• _Action item_
A verbatim copy of the listing is needed; pictures are to be left out.

• _Supplied data_

'''

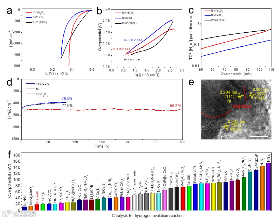 其中Ni/Yb2O3催化剂在电流密度为10 mA cm-2时具有较低的过电位(20.0 mV)、较低的Tafel斜率(44.6 mV dec-1)和大电流密度500 mA cm-2下优异的稳定性(360小时),显著优于金属Ni和Pt/C催化剂。Yb2O3促进剂具有较高的亲氧性和热力学稳定性,能极大地扩大活性位点密度,降低水解离的能垒,优化氢吸附自由能,避免Ni的氧化腐蚀,从而使Ni/Yb2O3的析氢活性和稳定性显著提高。
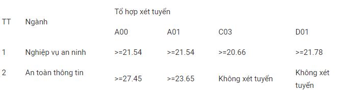 Theo đó, ngành Nghiệp vụ an ninh: 94 chỉ tiêu nam các tỉnh phía Bắc và một số tỉnh phía Nam (gồm các tỉnh sau: Quảng Trị, Thừa Thiên Huế, Đà Nẵng, Quảng Nam, Quảng Ngãi, Bình Định, Phú Yên, Khánh Hòa, Ninh Thuận, Bình Thuận, Kon Tum, Gia Lai, Đắc Lăk, Đắk Nông, Lâm Đồng).
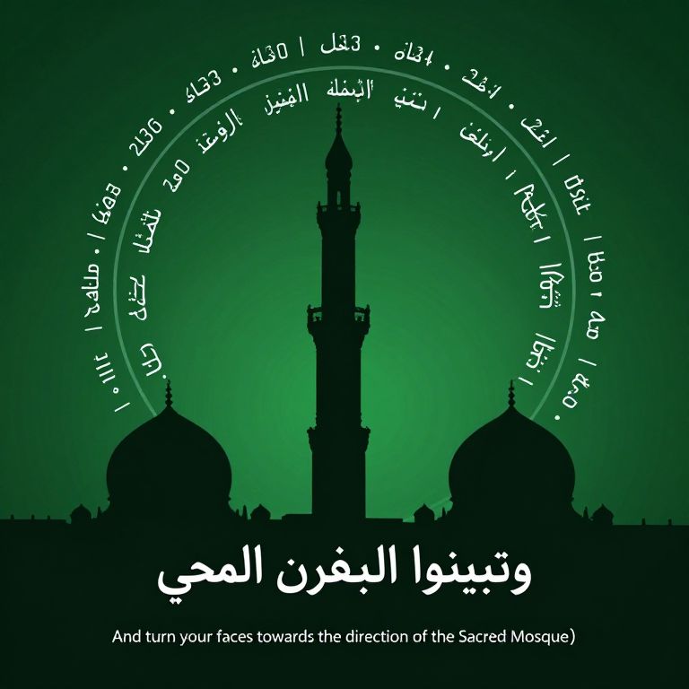 Digital graphic with a green gradient background featuring a black silhouette of a mosque with two large domes and a central minaret. White Arabic calligraphy encircles the top, with a smaller English translation at the bottom. The text reads, "And turn your faces towards the Sacred Mosque." The green gradient transitions from dark at the edges to lighter at the center, highlighting the mosque silhouette. The overall style is minimalist and Islamic-themed.

'''

• _Written response_
 其中Ni/Yb2O3催化剂在电流密度为10 mA cm-2时具有较低的过电位(20.0 mV)、较低的Tafel斜率(44.6 mV dec-1)和大电流密度500 mA cm-2下优异的稳定性(360小时),显著优于金属Ni和Pt/C催化剂。Yb2O3促进剂具有较高的亲氧性和热力学稳定性,能极大地扩大活性位点密度,降低水解离的能垒,优化氢吸附自由能,避免Ni的氧化腐蚀,从而使Ni/Yb2O3的析氢活性和稳定性显著提高。
 Theo đó, ngành Nghiệp vụ an ninh: 94 chỉ tiêu nam các tỉnh phía Bắc và một số tỉnh phía Nam (gồm các tỉnh sau: Quảng Trị, Thừa Thiên Huế, Đà Nẵng, Quảng Nam, Quảng Ngãi, Bình Định, Phú Yên, Khánh Hòa, Ninh Thuận, Bình Thuận, Kon Tum, Gia Lai, Đắc Lăk, Đắk Nông, Lâm Đồng).
 Digital graphic with a green gradient background featuring a black silhouette of a mosque with two large domes and a central minaret. White Arabic calligraphy encircles the top, with a smaller English translation at the bottom. The text reads, "And turn your faces towards the Sacred Mosque." The green gradient transitions from dark at the edges to lighter at the center, highlighting the mosque silhouette. The overall style is minimalist and Islamic-themed.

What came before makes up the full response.